Overjoyed
September 7, 2011 2:10 PM   Subscribe

Kelly Williams-Bolar, an Akron, Ohio mother convicted of felonies after forging records in 2006-2007 so that her children could attend a better school, was recently denied a pardon recommendation by an eight member parole board, by a vote of 8 to zero. Today Republican Governor John Kasich overruled the board, using executive clemency powers to lessen the conviction from two felonies to two first-degree misdemeanors. "No one should interpret this as a pass -- it's a second chance," Kasich said in a press release.

The Cleveland Plain Dealer: "The 41-year-old served nine days in jail in January after being convicted of the felony charges of tampering with records for lying on school enrollment forms and free lunch applications in 2006 and 2007."

USA Today: David Singleton, Williams-Bolar's lawyer, said she was thankful to supporters of two grass-roots organizations - Change.org and ColorOfChange.org - that pushed people from around the country to telephone Kasich's office Tuesday to urge him to pardon Williams-Bolar. "Kelley is overjoyed about the governor's decision," Singleton said in a statement.
posted by cashman (30 comments total) 11 users marked this as a favorite
 
Good news!

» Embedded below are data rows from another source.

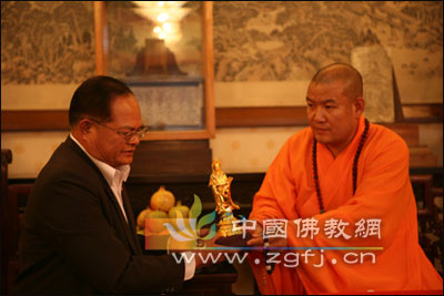 2009年9月4日下午泰国农业部长率团一行三十人前来灵光寺参拜佛牙舍利,受到常藏大和尚热情接待,并赠送礼品。(稿源:灵光寺)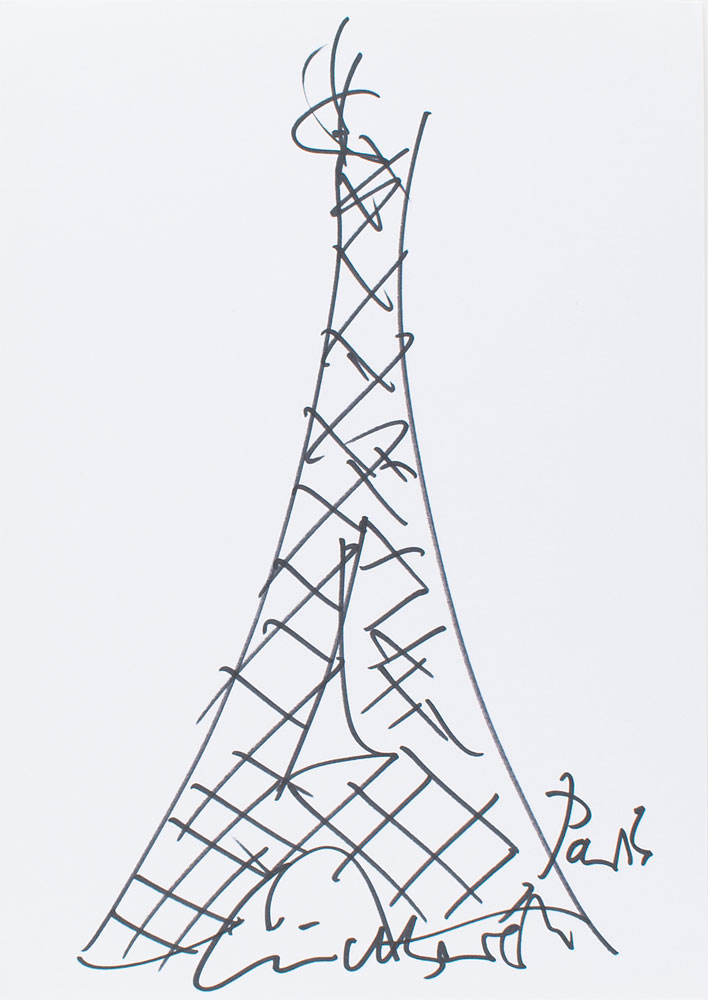 German fashion photographer (1944-2019) whose cover for the January 1990 edition of British Vogue helped usher in the era of supermodels. Original sketch of the Eiffel Tower by Peter Lindbergh, accomplished in black felt tip on a white 8.25 x 11.75 sheet by the photographer, who signs below and adds "Paris." In very fine condition. Accompanied by a photo of Lindbergh taken at the time of the signing.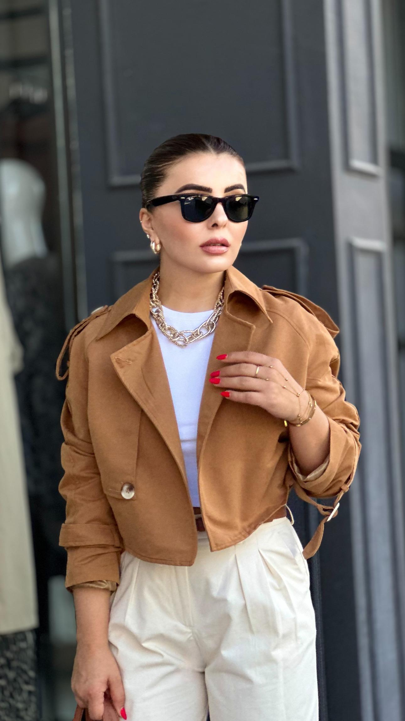 Taba Kolları Kemer Detaylı Kısa Trençkot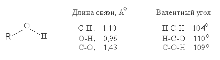 Пространственное и электронное строение, длины связей и валентные углы в спирте приведены ниже.

Now if they could do something about not actively destroying the public education system in favor of privatized schooling...
posted by darkstar at 2:24 PM on September 7, 2011 [10 favorites]


Maybe they should make the schools better.
posted by roomthreeseventeen at 2:28 PM on September 7, 2011


Does he also have the power to fire the parole board? Because, that ought to be step two.
posted by absalom at 2:32 PM on September 7, 2011 [11 favorites]

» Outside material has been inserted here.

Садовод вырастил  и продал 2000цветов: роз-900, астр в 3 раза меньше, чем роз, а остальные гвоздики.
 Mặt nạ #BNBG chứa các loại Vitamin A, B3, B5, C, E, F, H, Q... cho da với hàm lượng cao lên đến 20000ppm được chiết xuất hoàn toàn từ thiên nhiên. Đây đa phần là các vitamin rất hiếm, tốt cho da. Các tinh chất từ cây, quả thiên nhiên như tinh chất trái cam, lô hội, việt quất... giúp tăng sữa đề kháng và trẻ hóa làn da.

Today Republican Governor John Kasich overruled the board, using executive clemency powers to lessen the conviction from two felonies to two first-degree misdemeanors.

With a rational approach to dealing people who are found guilty in situations like this, I can only come to one conclusion; Kasich has no intention of ever gaining the Republican nomination for president.
posted by quin at 2:33 PM on September 7, 2011 [41 favorites]

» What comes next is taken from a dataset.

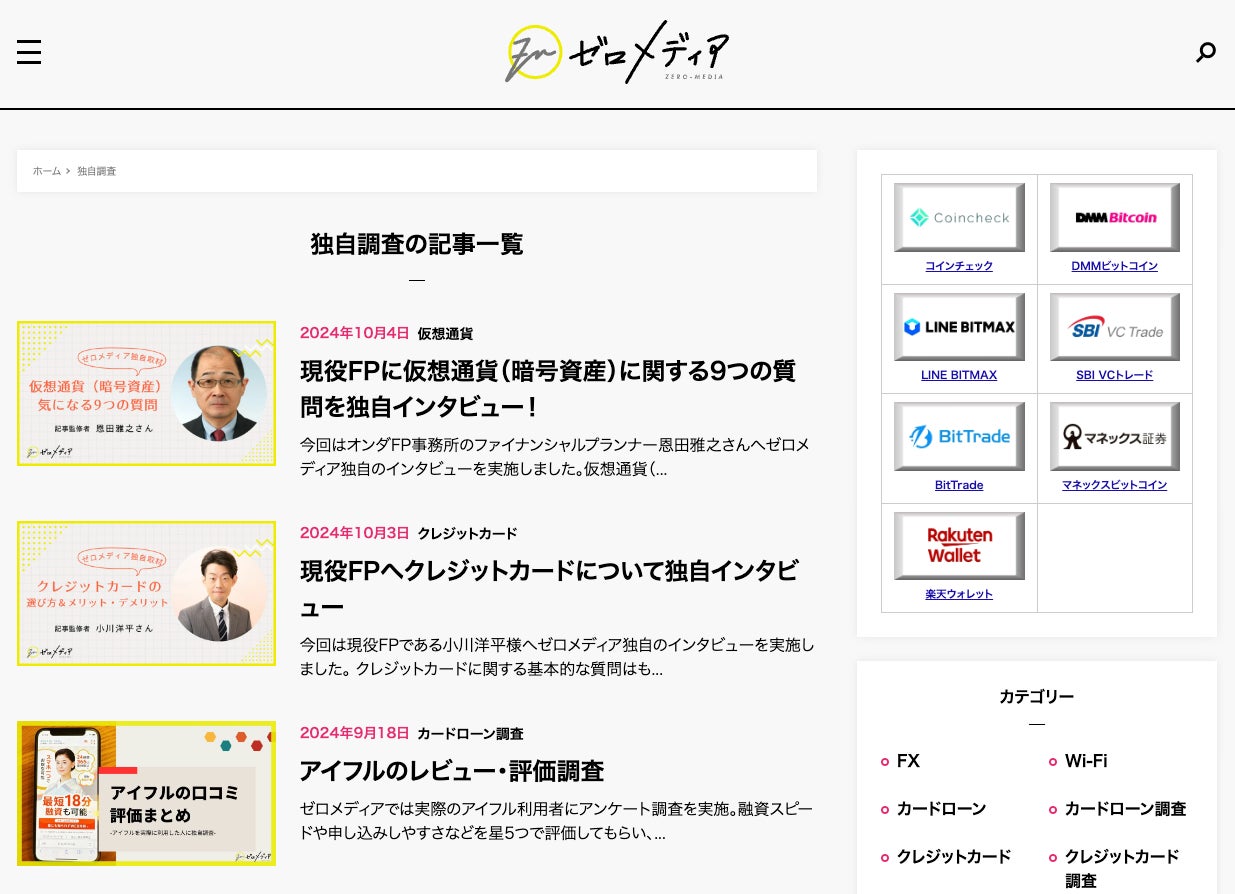 株式会社ゼロアクセル(本社:東京都千代田区、代表取締役:大福裕貴、以下「ゼロアクセル」)は、『ゼロメディア』において、独自調査ページをリニューアルしました。

The long, very narrow tail of political kindness swung the right way for once - by a republican no less.
Good for Kasich!
posted by lalochezia at 2:35 PM on September 7, 2011 [3 favorites]


I think a slap-on-the-wrist and a knighthood are in order.*


* or whatever the american equivalent is.
posted by blue_beetle at 2:39 PM on September 7, 2011 [2 favorites]


This seems like a good compromise, to me.

I live here. I graduated from the Akron schools, thank you very much, and they are not so bad that anybody is "forced" to commit fraud to go elsewhere. If home was unsafe, then they could have found legal ways of working around that, but honestly, around here, violence and such involving kids (or anybody who hasn't deliberately involved themselves in bad shit) is incredibly rare. I have some real issues with this woman's level of honesty about the whole thing. It still does not sound to me like she's being particularly truthful.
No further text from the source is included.